-- Task objective --
Retype the listing below line for line, but only from the line with "2 spacious bedrooms, one" down to the line with "Rhinestone Tassel Short", inclusive. Pictures stay out.

-- Data under study --
━━━━
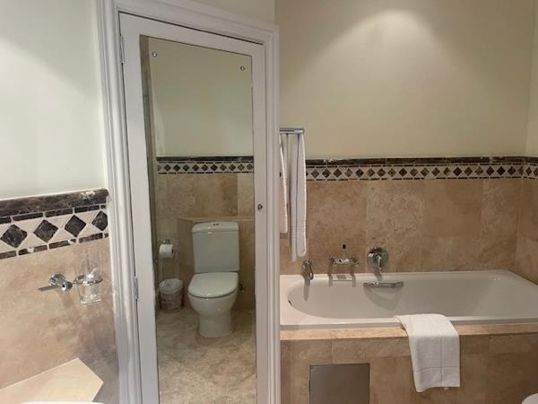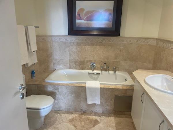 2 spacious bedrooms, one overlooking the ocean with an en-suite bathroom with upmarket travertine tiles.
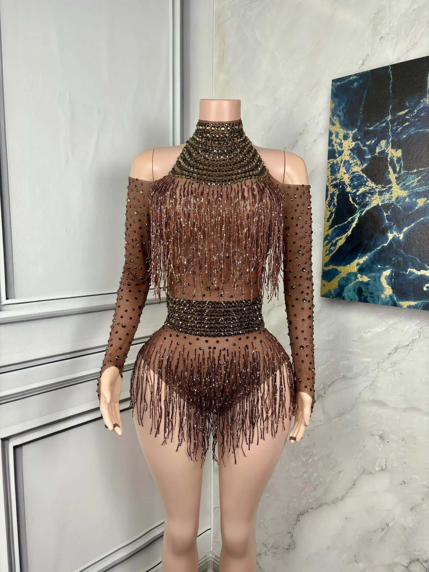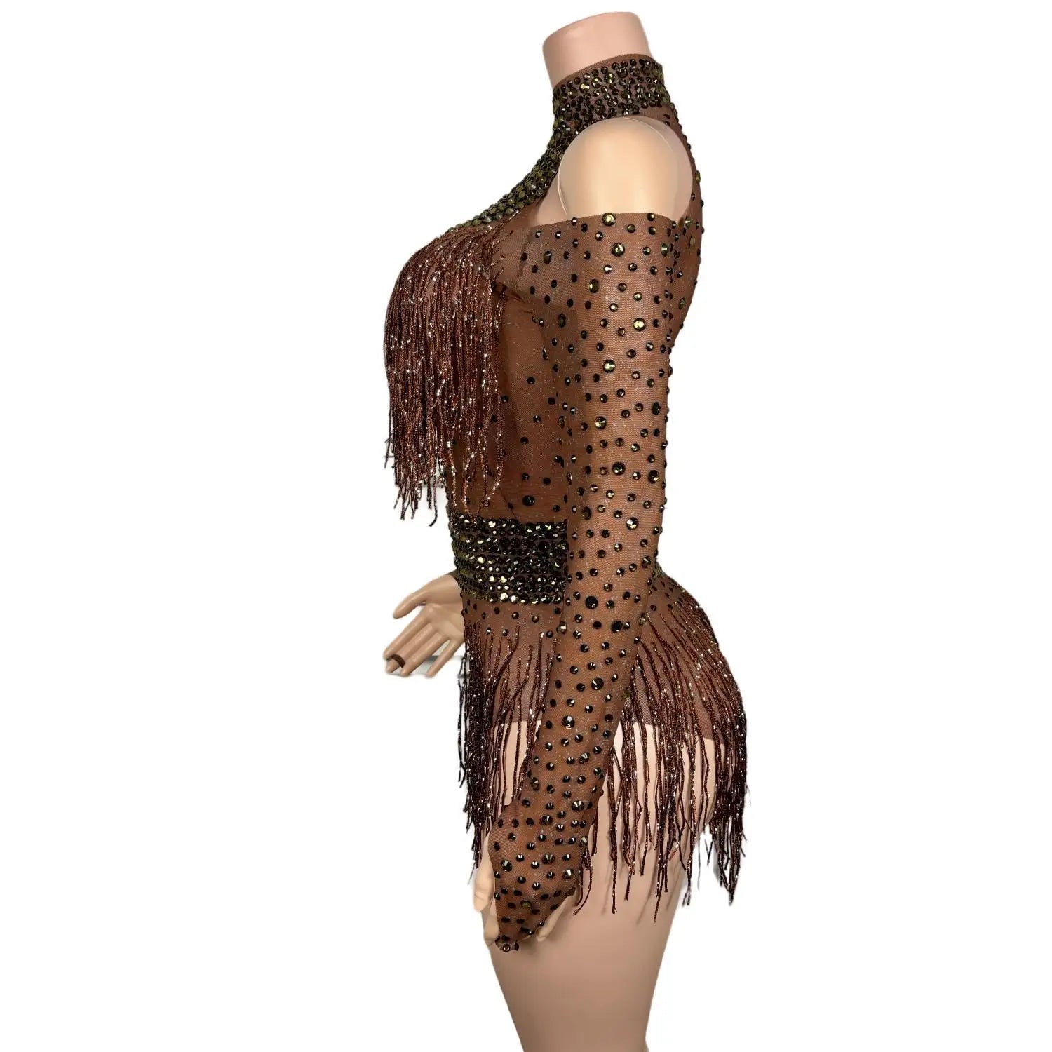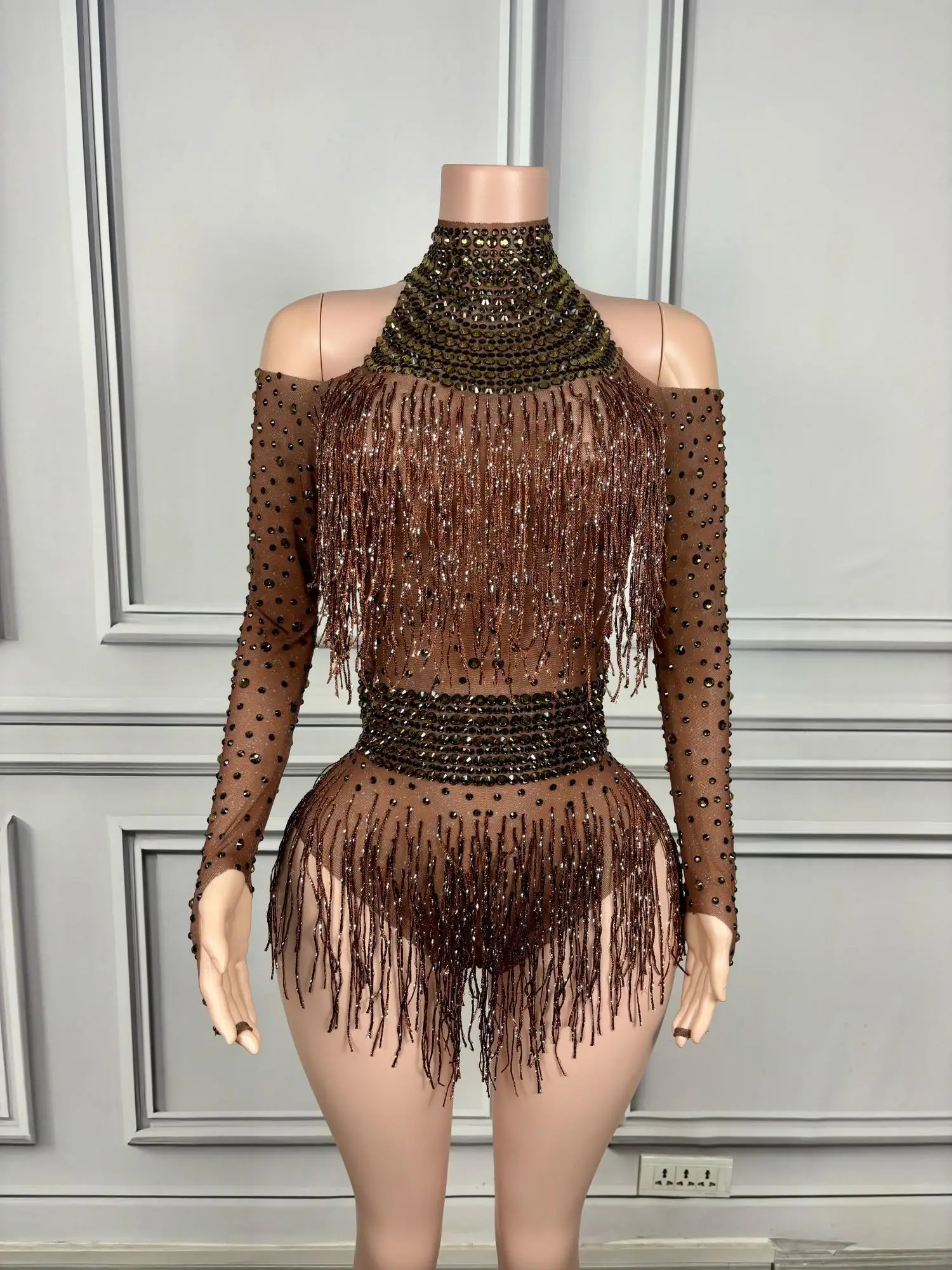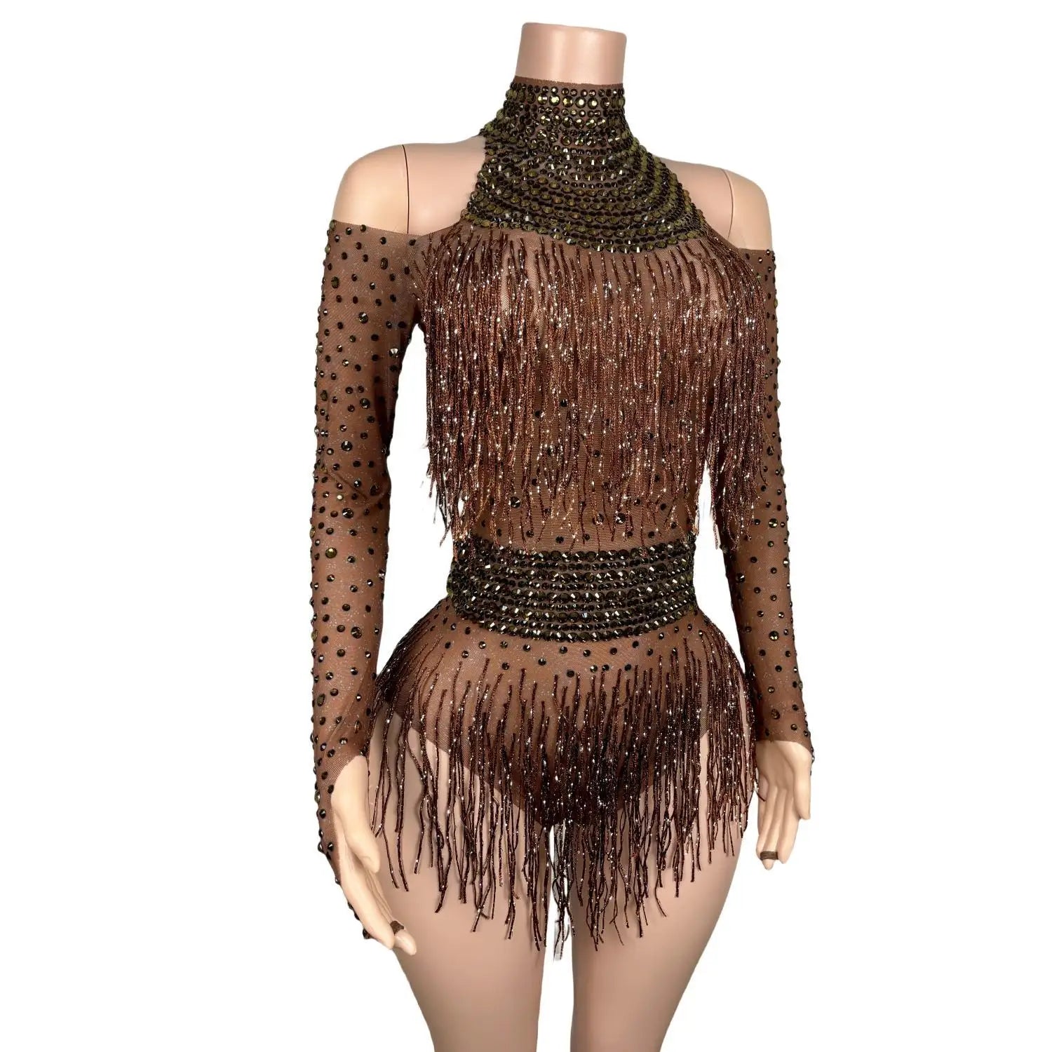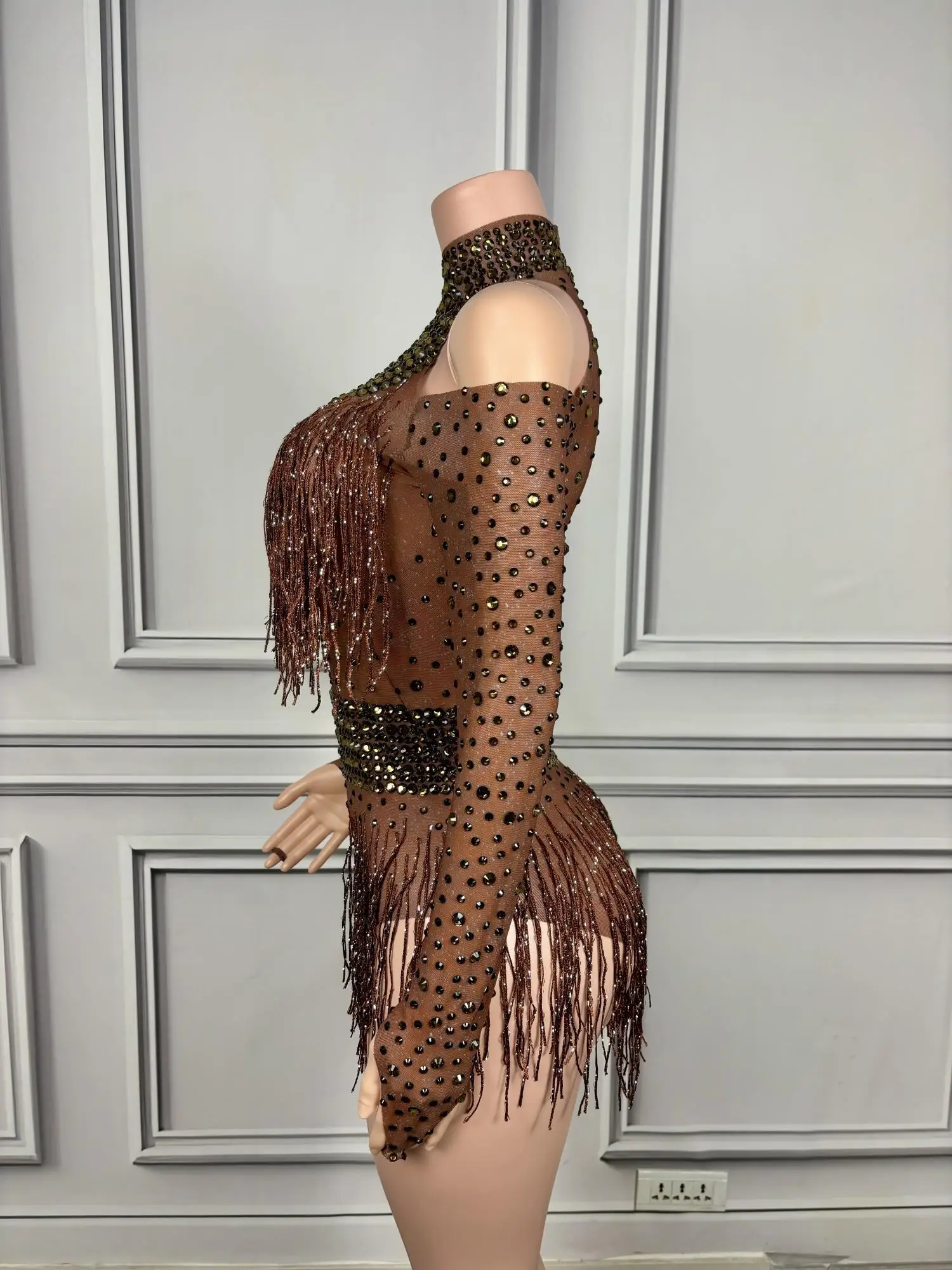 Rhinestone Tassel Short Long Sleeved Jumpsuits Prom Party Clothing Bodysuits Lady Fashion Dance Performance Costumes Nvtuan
━━━━
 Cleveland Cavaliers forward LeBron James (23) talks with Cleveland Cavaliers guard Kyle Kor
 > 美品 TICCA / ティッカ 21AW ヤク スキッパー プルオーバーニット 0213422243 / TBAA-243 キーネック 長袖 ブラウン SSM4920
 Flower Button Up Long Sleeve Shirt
━━━━
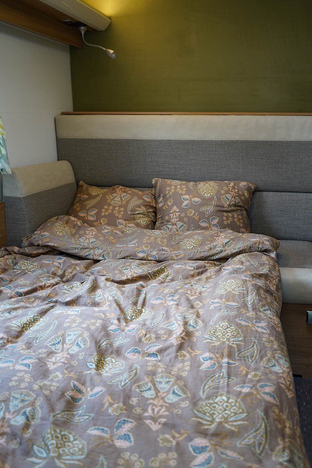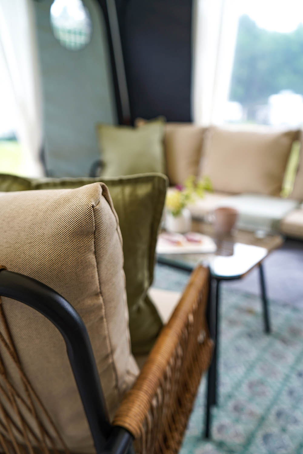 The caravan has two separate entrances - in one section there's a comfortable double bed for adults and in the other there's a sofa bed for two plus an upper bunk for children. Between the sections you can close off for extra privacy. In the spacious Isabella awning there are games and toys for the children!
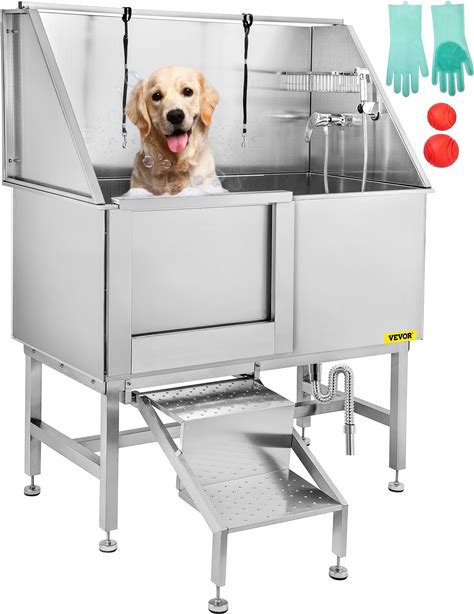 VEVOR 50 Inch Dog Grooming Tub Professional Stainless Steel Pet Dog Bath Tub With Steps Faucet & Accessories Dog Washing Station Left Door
━━━━
-- Answer --
 2 spacious bedrooms, one overlooking the ocean with an en-suite bathroom with upmarket travertine tiles.
 Rhinestone Tassel Short Long Sleeved Jumpsuits Prom Party Clothing Bodysuits Lady Fashion Dance Performance Costumes Nvtuan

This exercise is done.